> Work instruction
Repeat what the lines below say, word for word, and skip every image.

> Records supplied
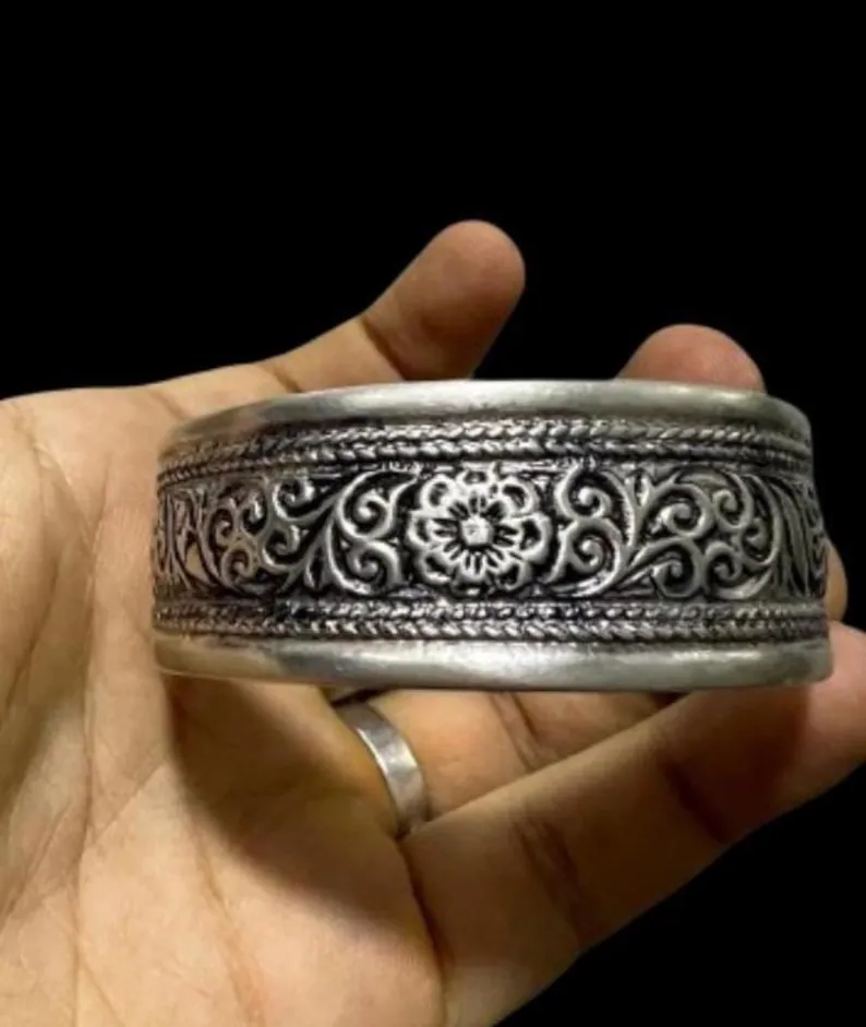 The bracelet’s bold tribal patterns and aged patina make it a striking piece for collectors, lovers of vintage Moroccan jewelry, or anyone seeking a timeless boho statement accessory. Its unique character and old-world charm ensure no two pieces are ever the same.
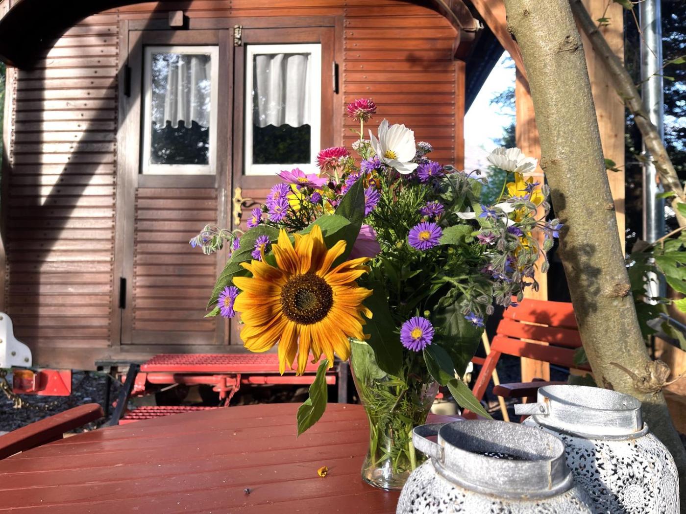 Historischer Zirkuswagen mit Terrasse und Blick ins Grüne
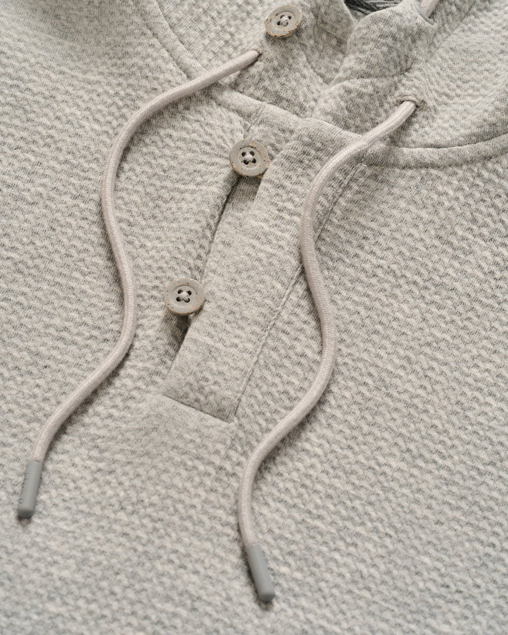 An elevated relative to your favorite gym hoodie that works a little better for the day-to-day, the Kester is finished with a buttoned placket for a nice bit of topspin and is knit with a textured weave that feels extra nice on the skin and stands out from the crowd.
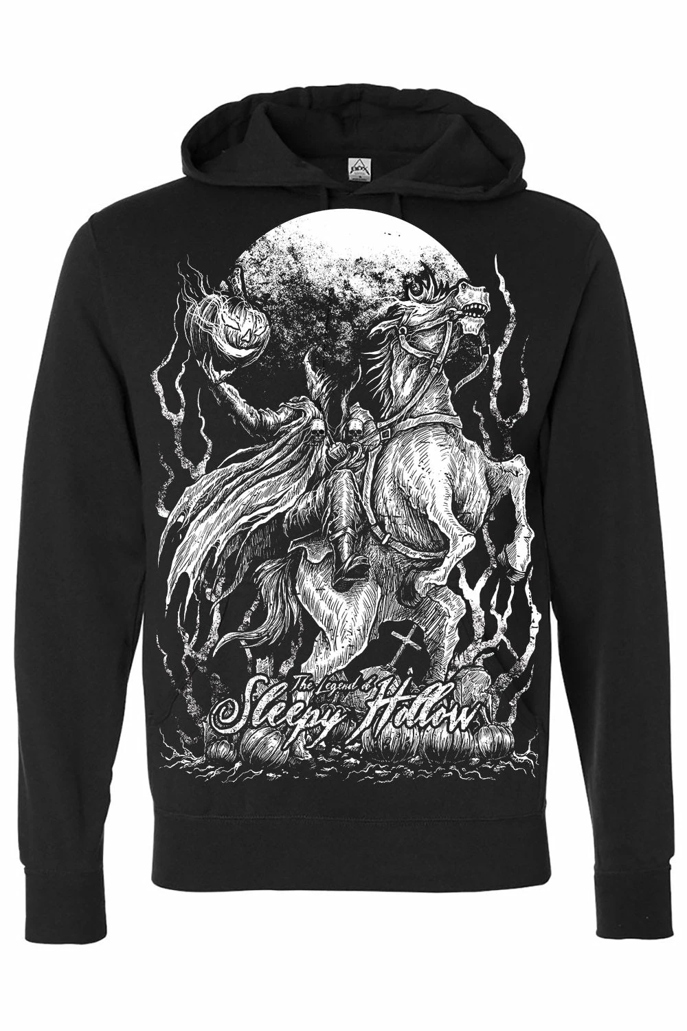 Ride into the dead of night in this chilling fantasy hoodie! Treat every day like Halloween in the heavy metal design, featuring the Headless Horseman riding his infernal horse and hoisting his disembodied pumpkin head. The words The Legend of Sleepy Hollow haunt the cemetery of jack-o-lanterns in fiendish font below, paying homage to Tim Burton’s horror movie masterpiece.
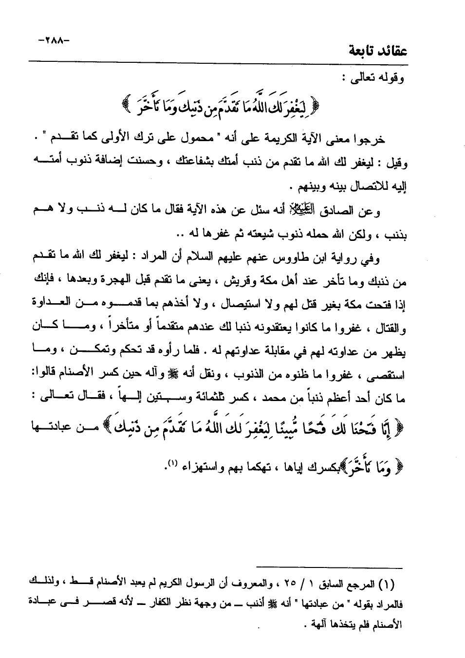 (¬1) المرجع السابق 1 / 25، والمعروف أن الرسول الكريم لم يعبد الأصنام قط، ولذلك فالمراد بقوله " من عبادتها " أنه - صَلَّى اللهُ عَلَيْهِ وَسَلَّمَ - أذنب ـ من وجهة نظر الكفار ـ لأنه قصر في عبادة الأصنام فلم يتخذها آلهة.

> Output of the exercise
 The bracelet’s bold tribal patterns and aged patina make it a striking piece for collectors, lovers of vintage Moroccan jewelry, or anyone seeking a timeless boho statement accessory. Its unique character and old-world charm ensure no two pieces are ever the same.
 Historischer Zirkuswagen mit Terrasse und Blick ins Grüne
 An elevated relative to your favorite gym hoodie that works a little better for the day-to-day, the Kester is finished with a buttoned placket for a nice bit of topspin and is knit with a textured weave that feels extra nice on the skin and stands out from the crowd.
 Ride into the dead of night in this chilling fantasy hoodie! Treat every day like Halloween in the heavy metal design, featuring the Headless Horseman riding his infernal horse and hoisting his disembodied pumpkin head. The words The Legend of Sleepy Hollow haunt the cemetery of jack-o-lanterns in fiendish font below, paying homage to Tim Burton’s horror movie masterpiece.
 (¬1) المرجع السابق 1 / 25، والمعروف أن الرسول الكريم لم يعبد الأصنام قط، ولذلك فالمراد بقوله " من عبادتها " أنه - صَلَّى اللهُ عَلَيْهِ وَسَلَّمَ - أذنب ـ من وجهة نظر الكفار ـ لأنه قصر في عبادة الأصنام فلم يتخذها آلهة.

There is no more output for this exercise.